I am currently using a cluster that uses SGE. There I send a .shscript that calls a pythonscript (which is multi-threaded using multiprocessing.pool), in a parallel queue, by calling qsub run.sh. The pythonscript itself prints some progress through print(...). It then appears in the output file that is created by SGE. Now a huge problem arises: when I run the script manually, everything works like a charm, but when I use the parallel queue at some (random) iteration, the working pool seems to stop working, since further progress is not observed in the output file. Moreover, the processor load suddenly drops to 0%, and all threads of the script are just idle.

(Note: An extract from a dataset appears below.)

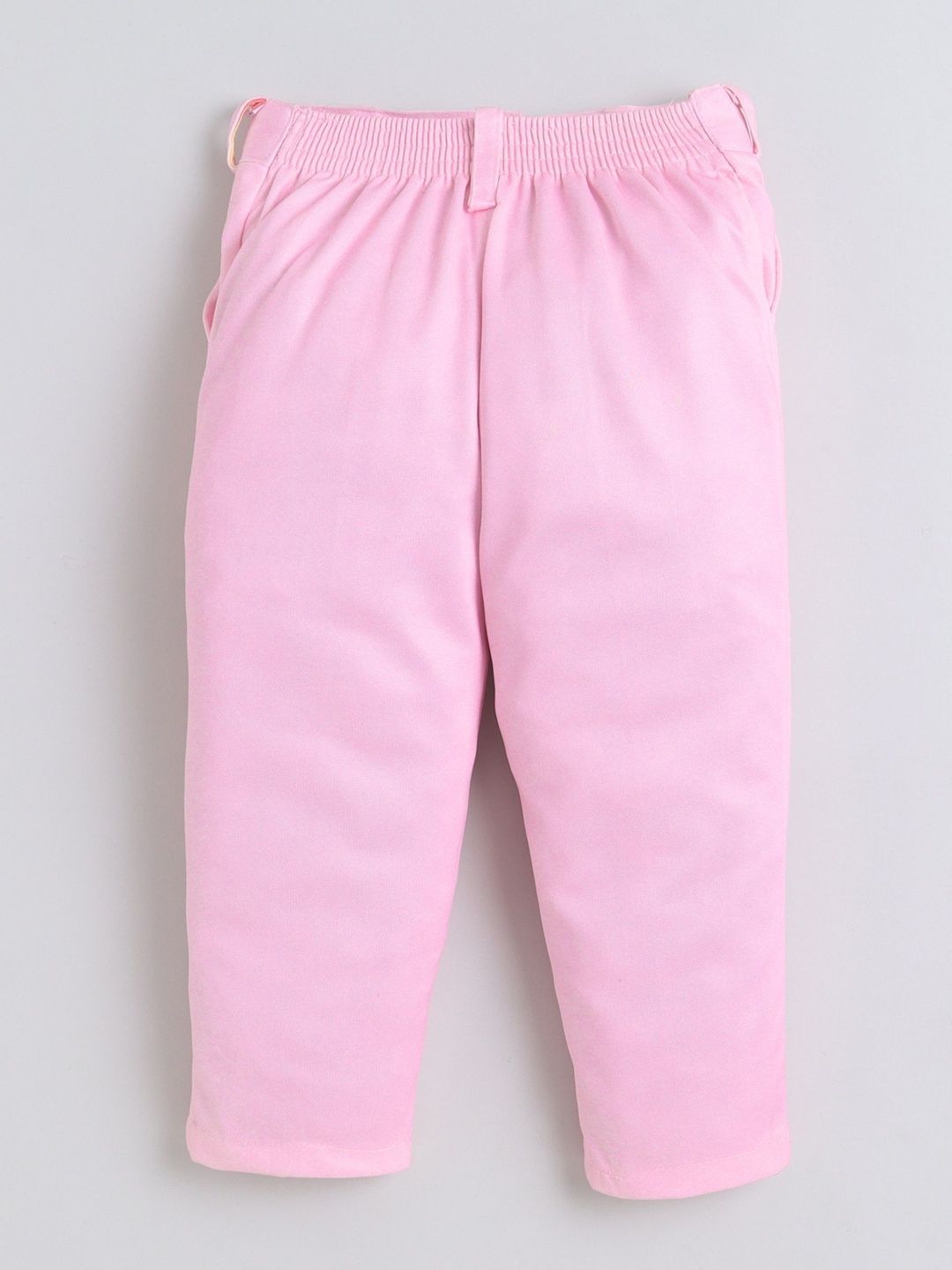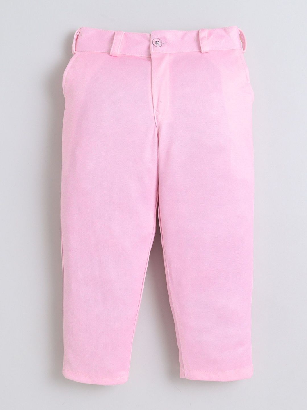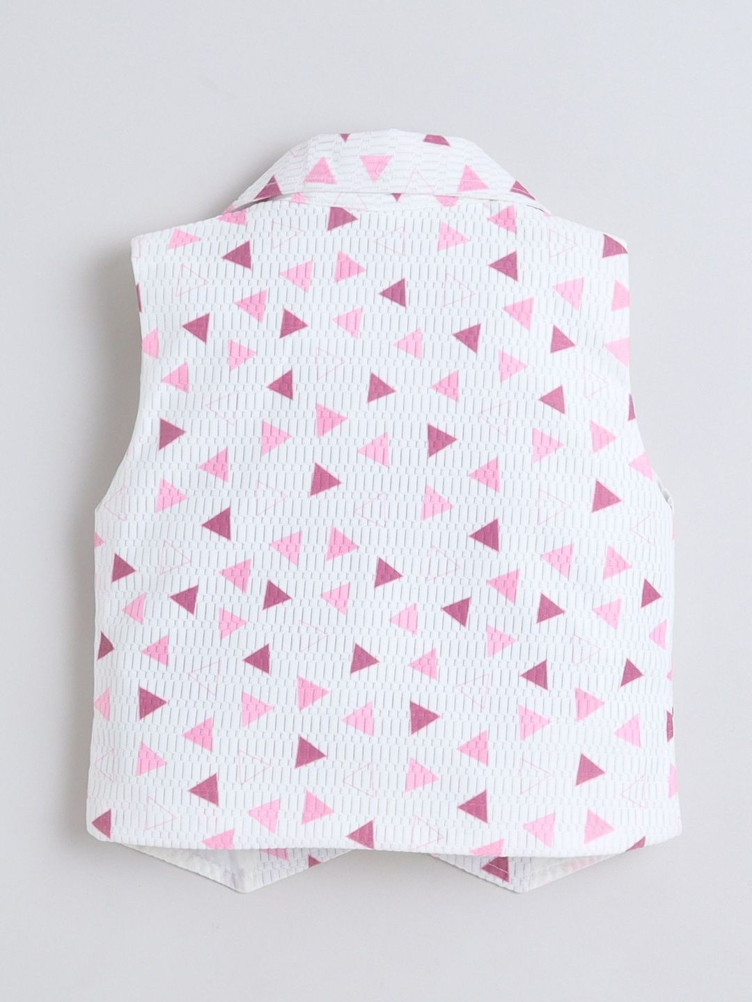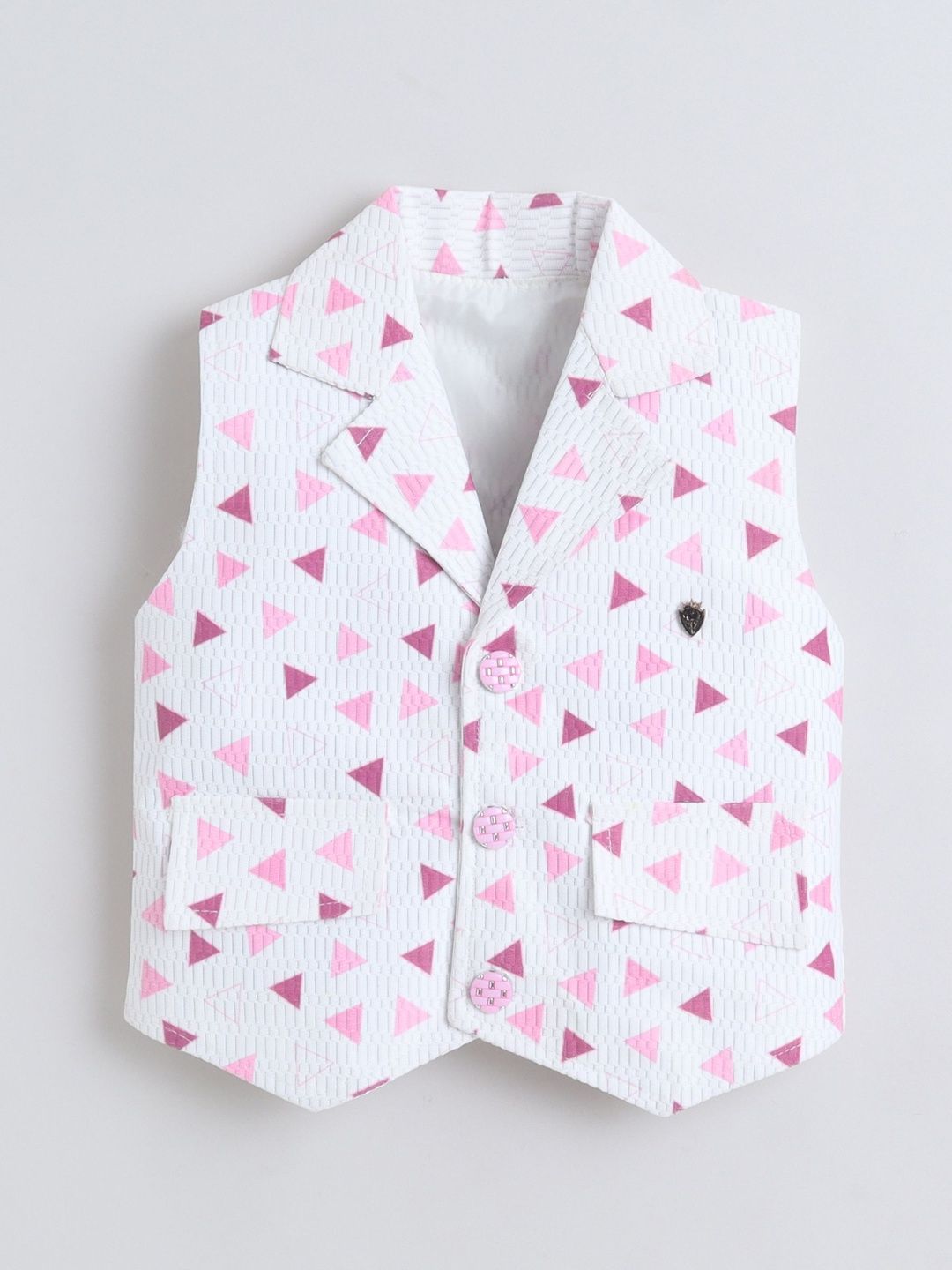 This suit consists of a waistcoat, shirt, trousersWhite printed waistcoat, has a v neck, sleeveless, 2 pockets front button closureWhite solid shirt, has a shirt collar, long sleevesPink solid trouser, has a slip-on closure with button details , 2 pocketsComes with Bow Tie Set
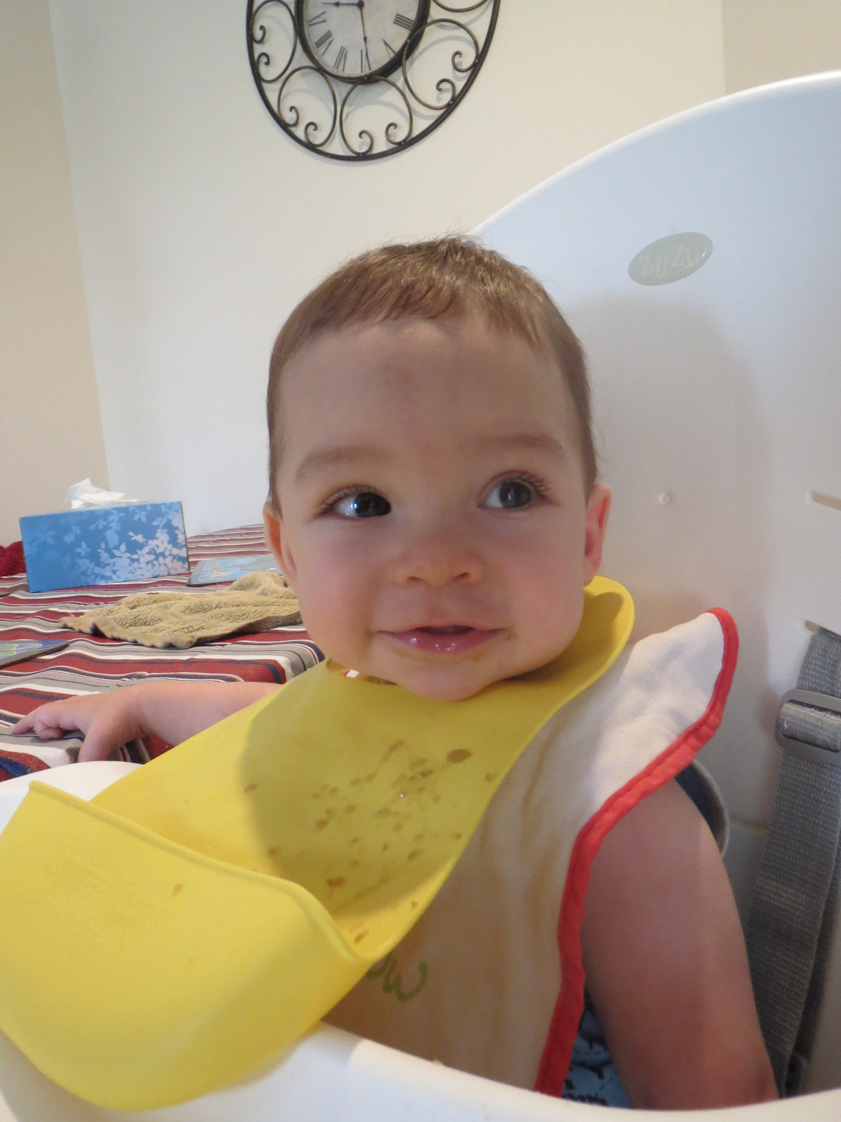 The last pic shows his two teeth, which are still coming through on his lower gum.

What can I do to solve this problem? Or how can I debug it? Since there are no error messages in the output file, I am really confused.
Change . Here are some parts of the shell script that are added to q and the necessary python files.
main.sh:
#!/bin/bash
python mainscript.py
mainscript.py:
def mainFunction():
worker = ClassWorker(...)
worker.startparallel()
if __name__== '__main__':
mainFunction()
resulting in being ClassWorkerdefined as follows:
class ClassWorker:
def _get_score(data):
params, fixed_params, trainingInput, trainingOutput, testingDataSequence, esnType = data
[... (the calculation is perfomed)]
dat = (test_mse, training_acc, params)
ClassWorker._get_score.q.put(dat)
return dat
def _get_score_init(q):
ClassWorker._get_score.q = q
def startparallel():
queue = Queue()
pool = Pool(processes=n_jobs, initializer=ClassWorker._get_score_init, initargs=[queue,] )
[...(setup jobs)]
[start async thread to watch for incoming results in the q to update the progress]
results = pool.map(GridSearchP._get_score, jobs)
pool.close()
Perhaps this helps to identify the problem. I did not include the real part of the calculation, since it has not caused any problems in the cluster so far, so this shoul will be safe.